12 Using LLMs to Query Your Local Data
This chapter covers
- Using GPT4All to query your own private data
- Using PDF documents for querying by a LLM
- Loading CSV and JSON files for querying
- Using LLMs to analyze your own data files
Up to this point, you've explored the capabilities of LLMs and their usage through platforms like OpenAI and Hugging Face. While these services ease the burden of hosting models, they come at a cost. Alternatively, running powerful models locally requires significant setup effort and cost.

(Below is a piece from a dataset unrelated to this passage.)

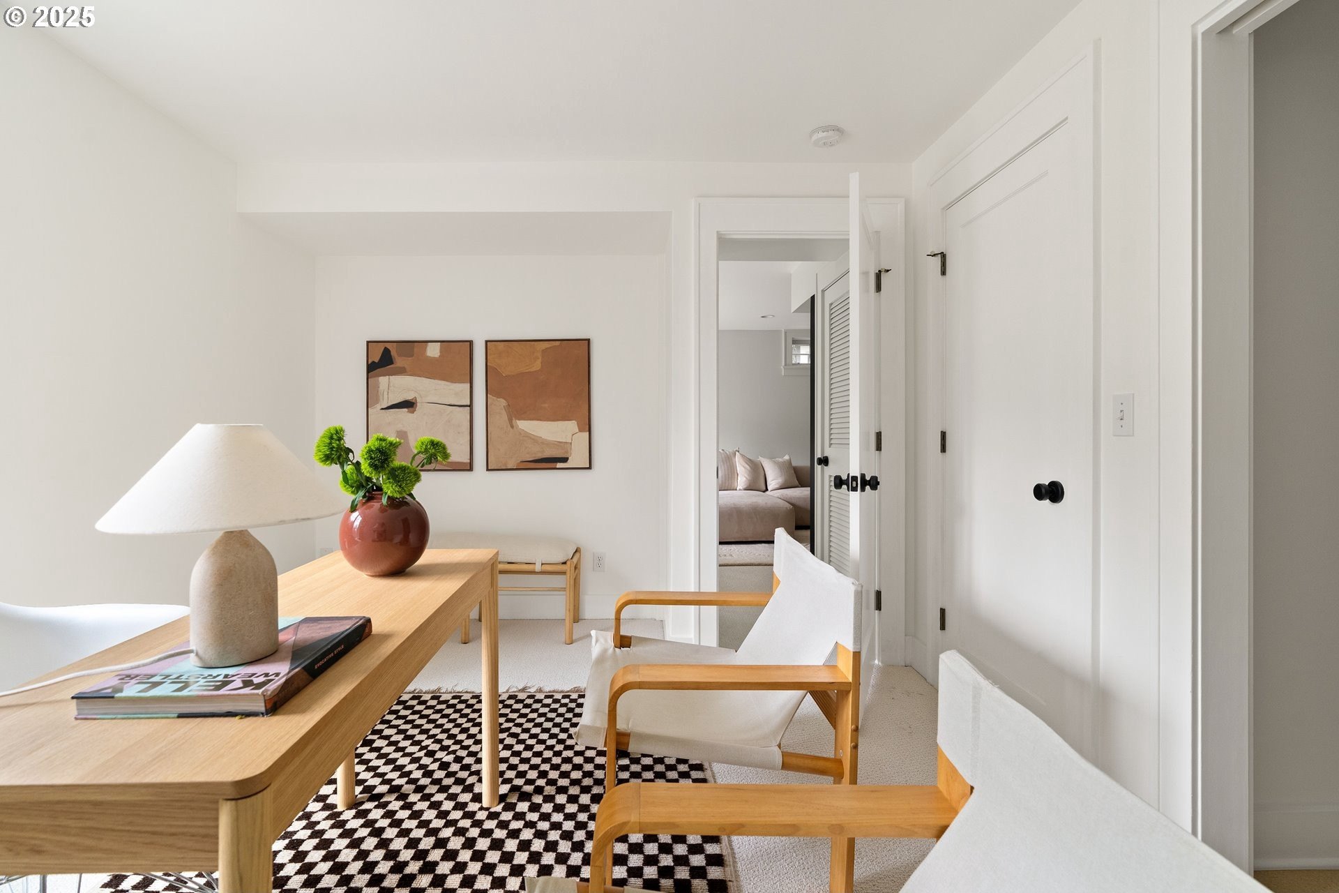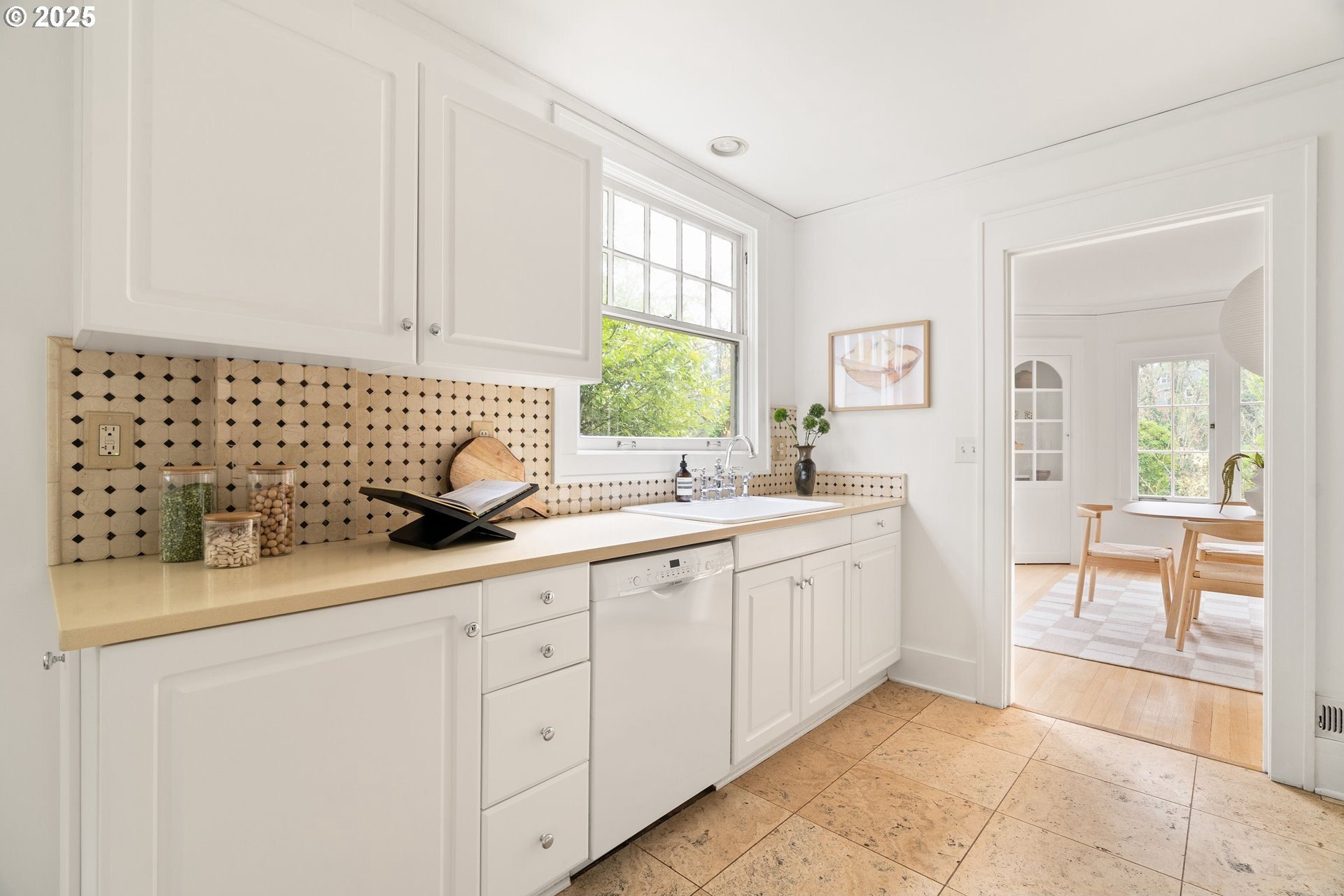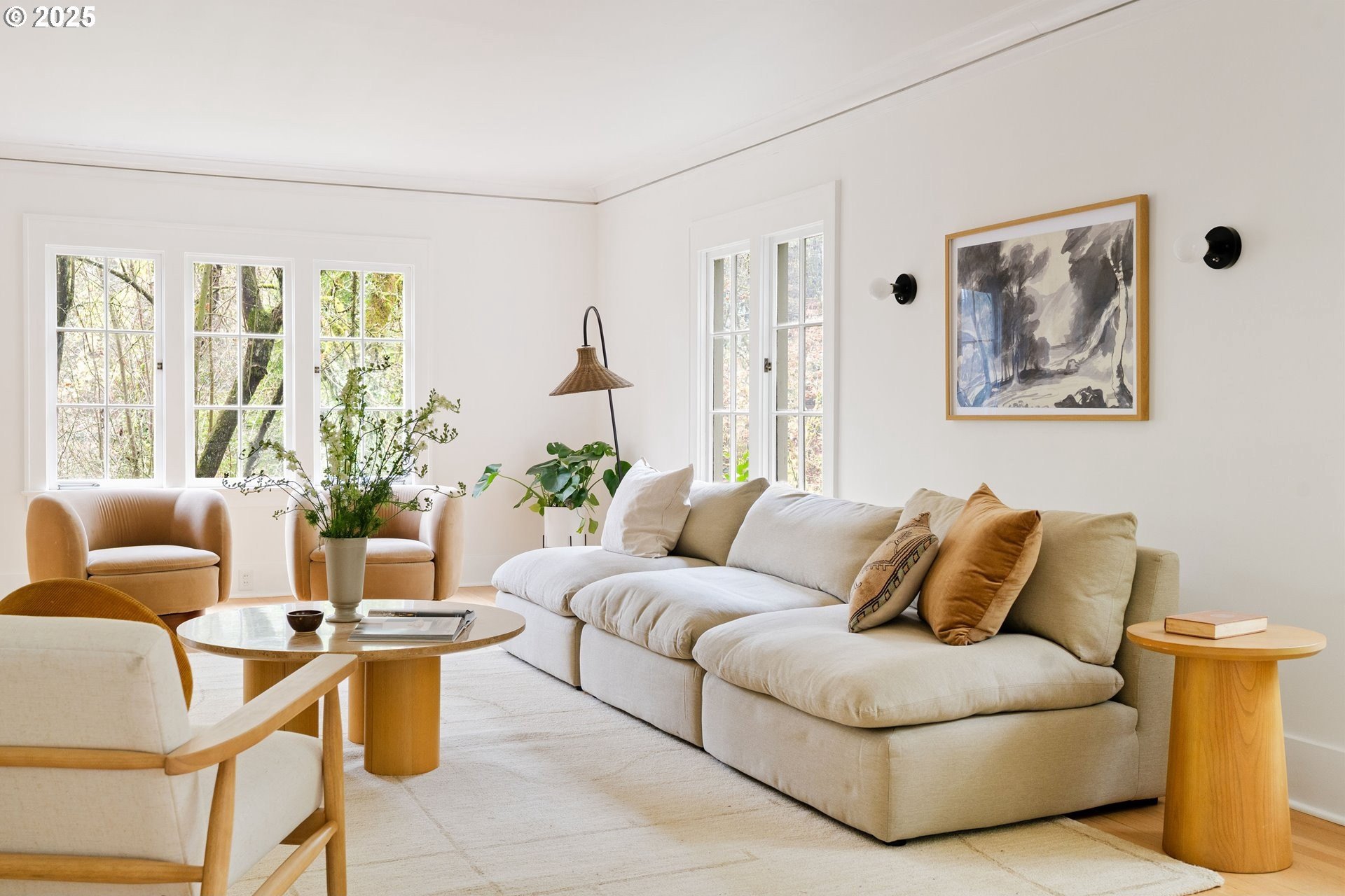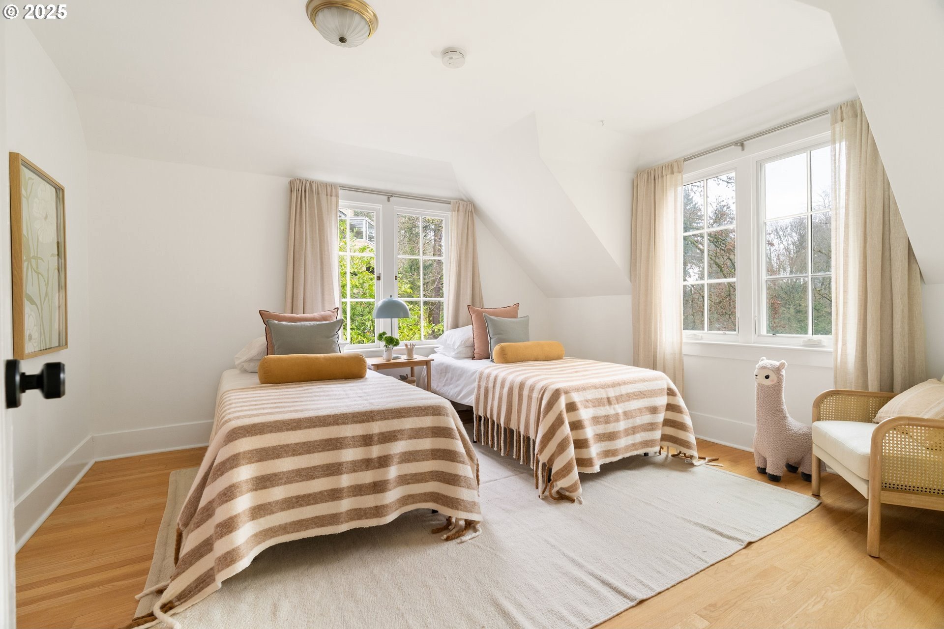 Perched above Burnside in Kings Heights, this south-facing home pairs vintage charm with thoughtful modern updates for a collected and stylish feel. Inside, gorgeous oak floors, built-ins, and French doors bring warmth to the light filled main level, which offers a spacious living room with fireplace, dining room, inviting deck, and bright kitchen. Upstairs, three serene bedrooms and a full bath, recently highlighted by Domino Magazine online, create a calm and cohesive retreat. The lower level offers a private suite that includes its own bedroom, full bath, den with surround sound speakers, and direct access to the backyard, offering flexibility for guests, long term stays, creative work, or additional living space. Set among the trees with quick access to top schools, trails, parks, cafes, boutiques, and some of Portland's favorite westside spots, this special and chic home offers a unique blend of elevated hillside living and immediate city convenience.

Developers often face the common challenge of utilizing LLMs to answer questions about their data, while businesses emphasize the need to maintain data privacy. In Chapter 8, we discussed sending data to OpenAI for embedding and querying with LangChain and LlamaIndex.
Let’s delve deeper into the topic, focusing on querying local private documents without compromising data privacy. Two approaches are:
- Local LLM Querying for Text-based Data: We'll utilize a model from GPT4All to perform local embedding of your text-based data and querying. This approach is particularly useful for querying content like PDF documents.
- LLM Querying for Structured Tabular Data: Whether running locally or hosted by third parties like OpenAI or Hugging Face, LLMs can be employed to return answers on querying tabular data (e.g., CSV or JSON). Instead of feeding LLMs with tabular data directly, we'll instruct them to provide queries programmatically for analysis.